If former tobacco farmers were to be trained, equipped and supported to switch to farming food, rather than tobacco, it would be a win win situation for everyone

Last week, the Deputy Managing Director of the Tanzania Tobacco Board, Stanley Mnozya, said that the production of tobacco has been on the decline since the 2013/2014 farming season. “There has been a spate of pests that destroy tens of hectares of tobacco farms annually which subsequently raise production costs of the cash crop,” said Mnozya.

Speaking at a meeting convened to discuss ways of reviving production of the crop and looking for new markets, Mnozya said production of tobacco declined from 105 million kilograms in 2013/2014 to 93 million kilograms in 2014/2015.  He added that the production of the crop decreased from 72 million kilograms in 2015/2016, to 60 kilograms in 2016/2017 and to further 50.5 million kilograms in 2017/2018.

Mnozya explained that one of the challenges facing tobacco production, is the low demand of tobacco due to declining smoking rates. The economies of a number of poor countries, namely some Asian and African countries, are dependent on tobacco farming, and Tanzania is second largest producer of tobacco in Africa, after Malawi.

Switching to Food

To this effect, a 2018 article on The Hill, had pointed out that measures need to be taken to avoid disaster and help turn tobacco farming businesses into non-tobacco agricultural ones, in such countries. “This disruption, if managed properly, could be an opportunity for African farmers to switch to non-tobacco agricultural products and increase the global food supply,” read the article.

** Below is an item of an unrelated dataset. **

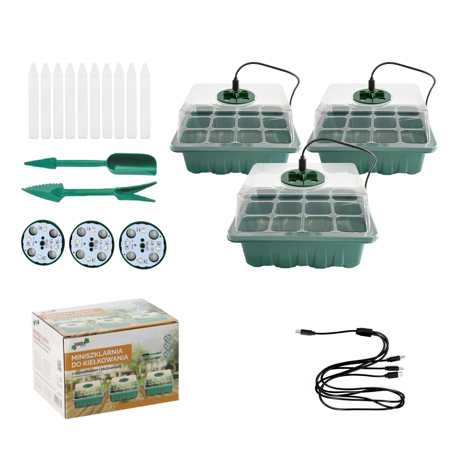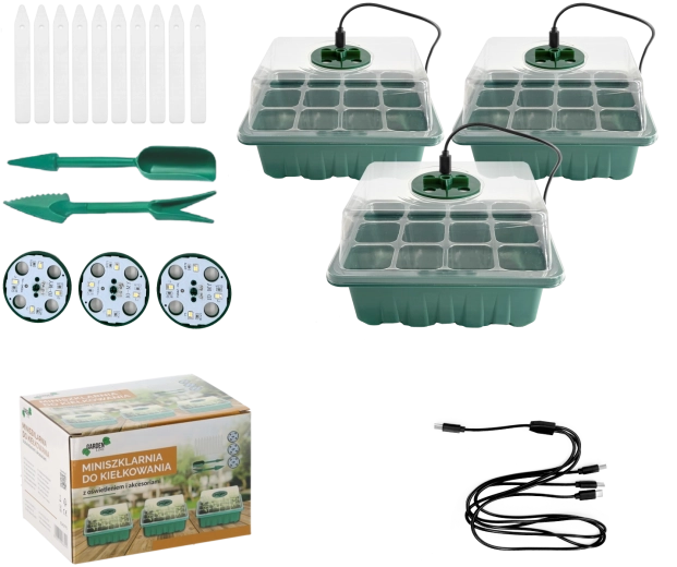 Pakken er designet til at være klar til brug: ud over dyrkningsbakker får du også haveværktøj til omplantning og prikling samt etiketter til tydelig mærkning af sorter. Minidrivhusene passer til vindueskarm, reol eller værksted og hjælper med forspiring af grøntsager, krydderurter og blomster.

The piece went on to explain that with the current world population expected to reach 9 billion by 2050, out of which 2.2 billion will live in Africa, the world is not going to be able to meet the future food demand. For this to be met, about 50% more food, feed, and biofuel will need to be produced, which would need an investment of $265 billion per year. Therefore, if former tobacco farmers were to be trained, equipped and supported to switch to farming food, rather than tobacco, it would be a win win situation for everyone.